14. How does it give prominence to the mortality of the human soul?
14 In a text just quoted, Jesus declared God had the power to destroy both the human body and the soul in Gehenna. This awakens us to the awful fact that the human soul is destructible and by no means immortal as the pagan philosophers Pythagoras, Socrates and Plato taught. The Christian truth on the human soul’s mortality and destructibleness is given unusual prominence in the new Bible version in that it consistently translates the Greek word psy·cheʹ by the one word “soul” in the 102 occurrences of the Greek word. This proves to be, not bunglesome, but very revealing on how the clergy of Christendom have adopted and taught pagan falsehoods about the human soul instead of Christian truth.
15. How does the appendix show features about “soul”?

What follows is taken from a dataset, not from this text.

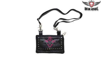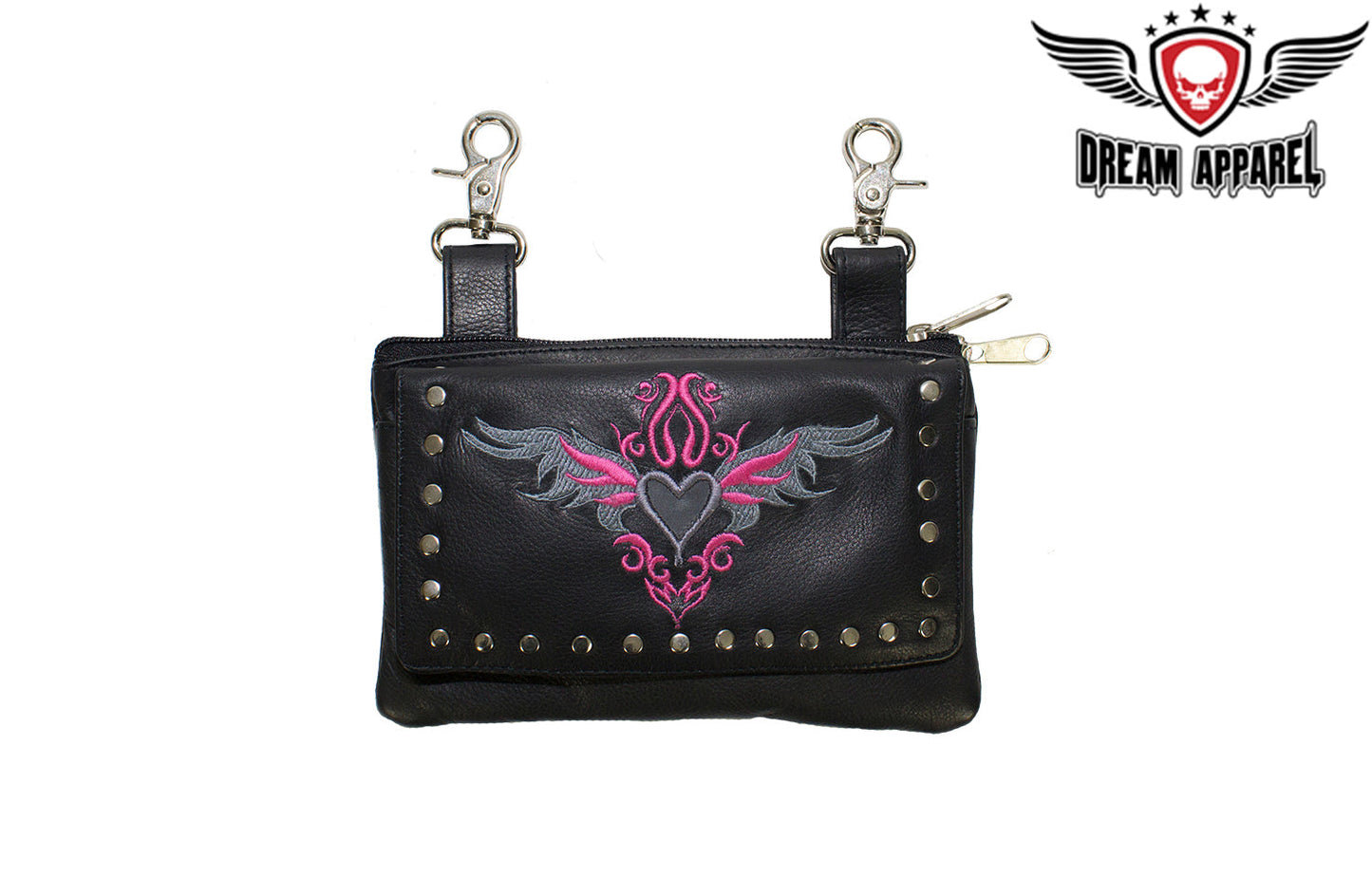 All Naked Cowhide Leather Belt Bag with Gray/Pink Heart and Studs
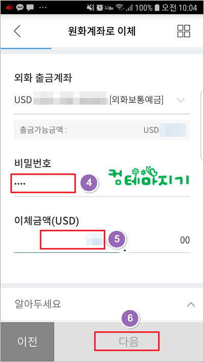 ▼ 원화계좌로 이체 화면에서 외화 출금계좌에 대한, 4. 비밀번호, 5. 이체금액을 입력합니다.

15 The Appendix groups the occurrences of the word psy·cheʹ under different headings to show that the soul is distinguished from the spirit and that live persons or creatures are themselves souls. For example, 1 Corinthians 15:45 (NW) reads: “The first man Adam became a living soul.” And 1 Peter 3:20 (NW) reads: “The patience of God was waiting in Noah’s days, while the ark was being constructed, in which a few people, that is, eight souls, were carried safely through the water.” But concerning the human soul’s mortalness, hear Jesus’ further words: “Is it lawful on the sabbath to do a good deed or to do an injury, to save or to kill a soul?” (Mark 3:4; Luke 6:9, NW) Also: “Whoever seeks to keep his soul safe for himself will lose it, but whoever loses it will preserve it alive.” “He that is fond of his soul destroys it, but he that hates his soul in this world will safeguard it for everlasting life.” (Luke 17:33; John 12:25, NW; compare Joshua 10:28, 30, 32, 35, 37, 39; 11:11) “My soul is deeply grieved, even to death.” (Matt. 26:38; Mark 14:34, NW) And so with many other scriptures. But this Christian doctrine that our souls die and that the dead are unconscious and inactive is in full harmony with the comforting doctrine of resurrection.